While the Tigers aren’t playing for a share of the Big 12 title, their final regular-season game does mean something.

With a Missouri win and Texas A&M loss tonight, the Tigers could clinch the eighth seed in the Big 12 tournament. That would set up a first-round game against Kansas. The Tigers would have a chance to avenge their embarrassing 60-42 loss to Kansas at home on Feb. 5.

Of course, to win tonight, Missouri will have to stop Kansas State’s Kendra Wecker, a preseason All-American and Naismith Player of the Year candidate.

Wecker, a senior, leads the team in scoring and averages a double-double, with 20 points and 10 rebounds per game.

Two Missouri natives start along with Wecker for Kansas State: sophomore Claire Coggins and freshman Shana Wheeler are from Lee’s Summit.

Coggins averages 10 points and has provided a spark in recent games.

“She’s done a nice job playing composed and making quality basketball decisions,” Patterson said. “When she does that, she’s a real important dynamic.”

Patterson mentioned Wheeler as a post player from the Big 12 who, though not blocking many shots, manages to change the front line of a team’s defense.

Stein said the Tigers needed to prepare themselves individually more than worry about the Wildcats.

“Our focus is just getting better as a team and not always focusing so much on the opponent,” Stein said.

Recently improved post play for Missouri may alter the game.

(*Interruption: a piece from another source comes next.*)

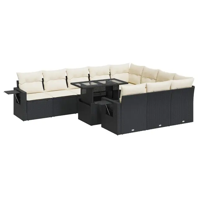 Ta vrtna sedežna garnitura je popoln dodatek za vaše dvorišče, teraso ali verando, saj zagotavlja udoben in vabljiv prostor za klepet z družino in prijatelji ali preprosto za sprostitev in uživanje na prostem. Trpežen material: PE ratan, znan tudi kot poli ratan, je močan sintetični material, ki ne potrebuje vzdrževanja in je videti kot naravni ratan. Je lahek, enostaven za čiščenje in se zaradi svoje vzdržljivosti in odpornosti na vremenske vplive pogosto uporablja za zunanje pohištvo.Funkcija shranjevanja z vodoodporno vrečo: Vsak vrtni sedež ima pod sedežem prostor za shranjevanje, opremljen z vodoodporno vrečo za shranjevanje blazin, igrač in drugih predmetov. Notranja torba ima zgornji pokrov in jo je mogoče varno pritrditi na sedež s kavljem in zanko za večjo stabilnost.Nastavljiva mizna plošča: Z dvigom mizne plošče lahko mizo povišate, s čimer se zunanja klubska mizica spremeni v jedilno mizo. Popolna je za sprejemanje gostov ali uživanje v obrokih na prostem.Prevleko je mogoče odstraniti in oprati: Te sedežne blazine imajo odstranljive prevleke za lažje pranje in vzdrževanje.Robusten in stabilen okvir: Jeklen okvir s prašnim premazom je močan, stabilen, trpežen ter odporen na korozijo in slabe vremenske razmere, kar zagotavlja dolgotrajno delovanje. Dobro je vedeti:Če želite, da vaše zunanje pohištvo ostane lepo, vam priporočamo, da ga zaščitite z vodoodporno prevleko.Dimenzije vodoodporne vreče: 55 x 53 x 34 cm (D x Š x V)Največja dovoljena teža (na sedež): 110 kgUV-odpornoPlastične nastavljive nogePotrebno sestavljanje: DaSrednji sedež:Barva: ČrnaMaterial: PE ratan, jeklen okvir s prašnim premazomDimenzije: 55 x 62 x 69 cm (Š x G x V)Velikost sedeža: 55 x 55 cm (Š x G)Višina sedeža od tal (brez blazine): 37 cmKotni sedež:Barva: ČrnaMaterial: PE ratan, jeklen okvir s prašnim premazomDimenzije: 62 x 62 x 69 cm (Š x G x V)Velikost sedeža: 55 x 55 cm (Š x G)Višina sedeža od tal (brez blazine): 37 cmKavč z naslonjali za roke:Barva: ČrnaMaterial: PE ratan, jeklen okvir s prašnim premazomDimenzije: 62 x 62 x 69 cm (Š x G x V)Velikost sedeža: 55 x 55 cm (Š x G)Višina sedeža od tal (brez blazine): 37 cmVišina naslonjal za roke od tal: 55 cmMiza:Barva: ČrnaMaterial: PE ratan, jeklo s prašnim premazom, kaljeno stekloDimenzije: 100 x 55 x 44/73 cm (D x Š x V)Blazina:Barva: Kremno belaMaterial prevleke: Tkanina (100 % poliester)Polnilo sedežne blazine: PenaPolnilo hrbtne blazine: bombažna vlaknaDimenzije sedežne blazine: 55 x 55 x 3 cm (Š x G x D)Dimenzije hrbtne blazine: 55 x 45 x 13 cm (D x Š x D)Paket vsebuje:6 x Srednji kavč s funkcijo shranjevanja z vodoodporno vrečo2 x Kotni kavč s funkcijo shranjevanja z vodoodporno vrečo2 x Kavč s funkcijo shranjevanja z vodoodporno vrečo1 x Miza12 x Blazina za hrbet10 x Sedežna blazina s snemljivo in pralno prevleko 3326547

The most recent time Missouri played Kansas State, four players were injured and others were struggling to find their roles.

Patterson said she thought post play would be an added dimension in the game, and that EeTisha Riddle, Carlynn Savant and Christelle N’Garsanet have all been playing well recently.

“I think that will be a real difference in this basketball game, that those three in particular have stepped up,” Patterson said.

Stein said her team is in the best shape they’ve been in all year, health-wise.

“You feel a lot better knowing you’re at full strength,” Stein said. “Kassie Drew said the Nebraska game was the first time she didn’t feel pain in her knee running up and down the floor.”

Maybe things are finally starting to look up for the Tigers, who have struggled to maintain optimism throughout the season.

“(Missouri) is a basketball team that’s continued to get better and more physical,” Patterson said.

There may only be one regular season game left, but it’s not too late for the Tigers to start making their fans want more. A win against Kansas State would be a dramatic way to start.